_REQUIRED ACTION_. Only the lines from the start of the data through the line containing "Personlig bokstavsformad kudde" should be written out, exactly as they are, with both ends included and the pictures left out.

_DATA_.

== Segment start ==

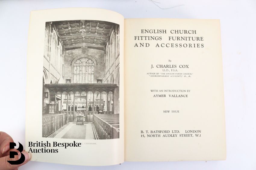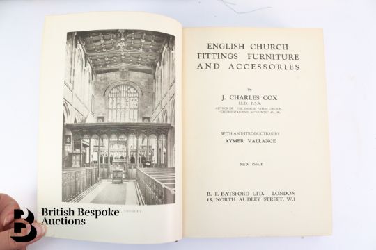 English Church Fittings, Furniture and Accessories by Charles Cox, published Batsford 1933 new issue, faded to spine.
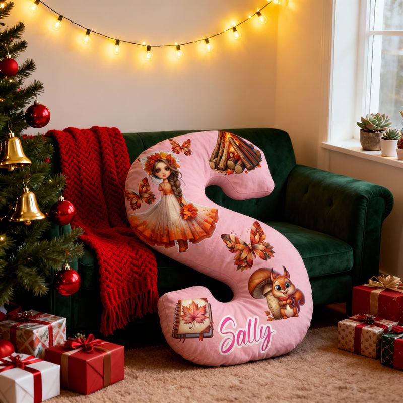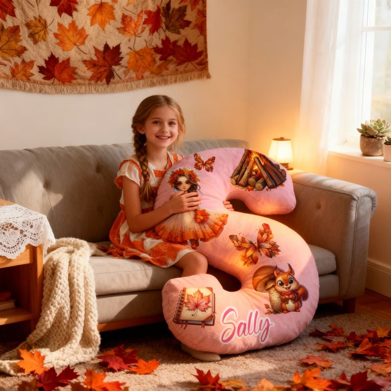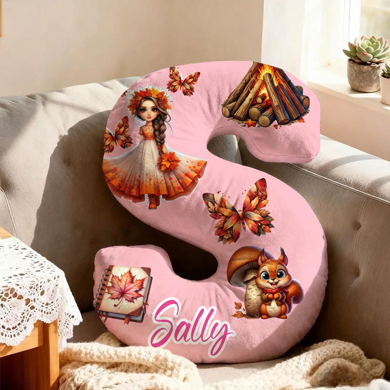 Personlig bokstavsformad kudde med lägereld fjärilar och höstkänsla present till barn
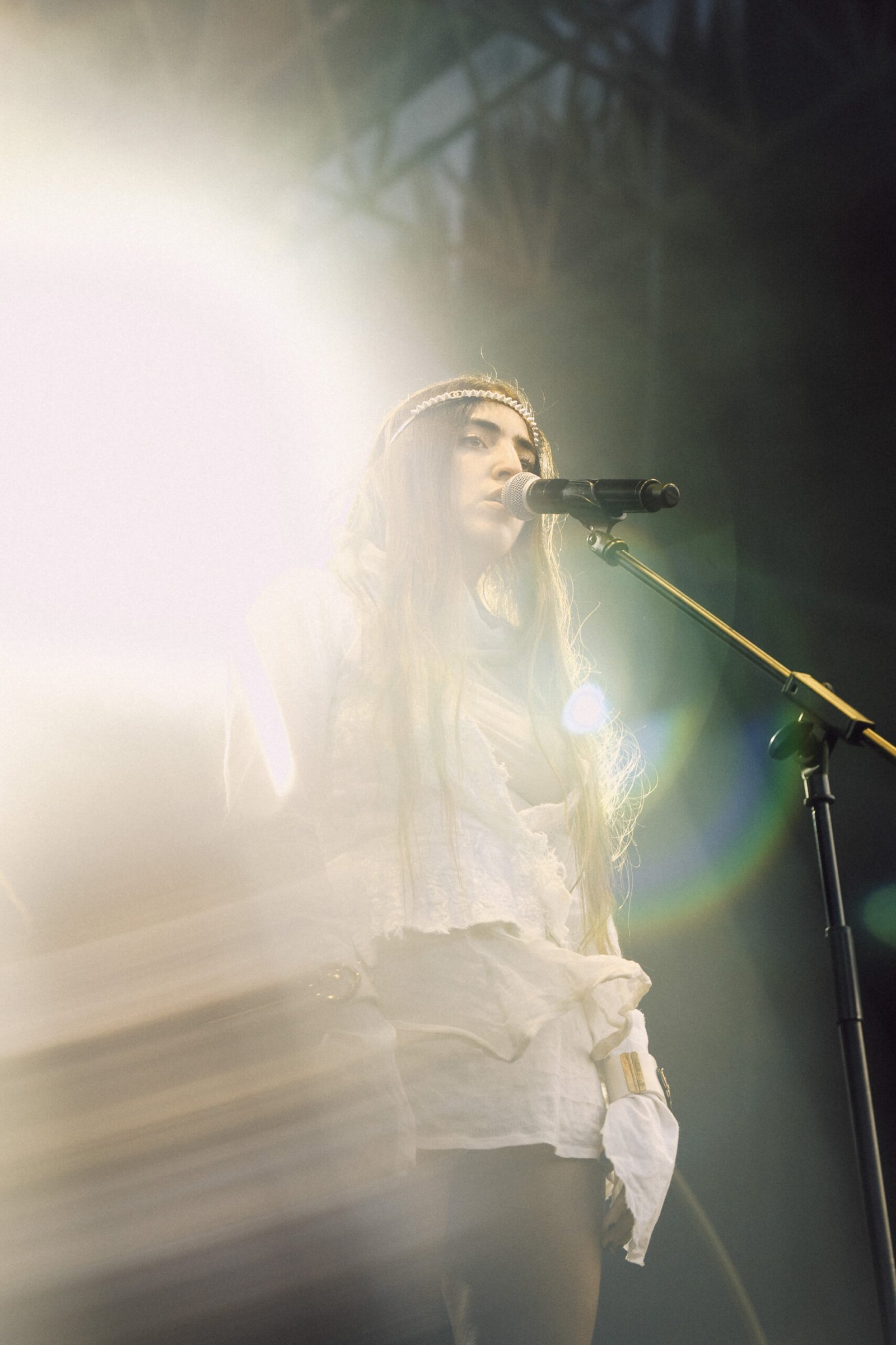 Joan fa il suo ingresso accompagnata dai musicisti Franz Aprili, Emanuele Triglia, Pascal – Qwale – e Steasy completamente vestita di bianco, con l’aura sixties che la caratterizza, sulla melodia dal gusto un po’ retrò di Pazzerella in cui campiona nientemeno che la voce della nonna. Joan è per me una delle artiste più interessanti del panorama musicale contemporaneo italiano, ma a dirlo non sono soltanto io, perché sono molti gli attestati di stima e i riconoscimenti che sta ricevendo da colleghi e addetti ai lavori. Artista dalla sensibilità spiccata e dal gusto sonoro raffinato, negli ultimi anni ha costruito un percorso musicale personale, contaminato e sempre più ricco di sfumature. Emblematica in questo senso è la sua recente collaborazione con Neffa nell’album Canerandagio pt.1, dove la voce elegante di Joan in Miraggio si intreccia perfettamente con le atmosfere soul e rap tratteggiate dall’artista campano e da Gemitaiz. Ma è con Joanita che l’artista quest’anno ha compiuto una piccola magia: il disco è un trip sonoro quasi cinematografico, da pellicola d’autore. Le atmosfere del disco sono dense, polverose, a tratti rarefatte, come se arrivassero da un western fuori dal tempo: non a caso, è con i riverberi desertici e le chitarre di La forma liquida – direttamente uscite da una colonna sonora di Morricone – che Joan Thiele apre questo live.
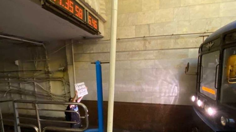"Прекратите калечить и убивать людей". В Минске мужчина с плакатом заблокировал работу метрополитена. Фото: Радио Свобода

== Segment end ==

_OUTPUT FOR THIS EXERCISE_.
 English Church Fittings, Furniture and Accessories by Charles Cox, published Batsford 1933 new issue, faded to spine.
 Personlig bokstavsformad kudde med lägereld fjärilar och höstkänsla present till barn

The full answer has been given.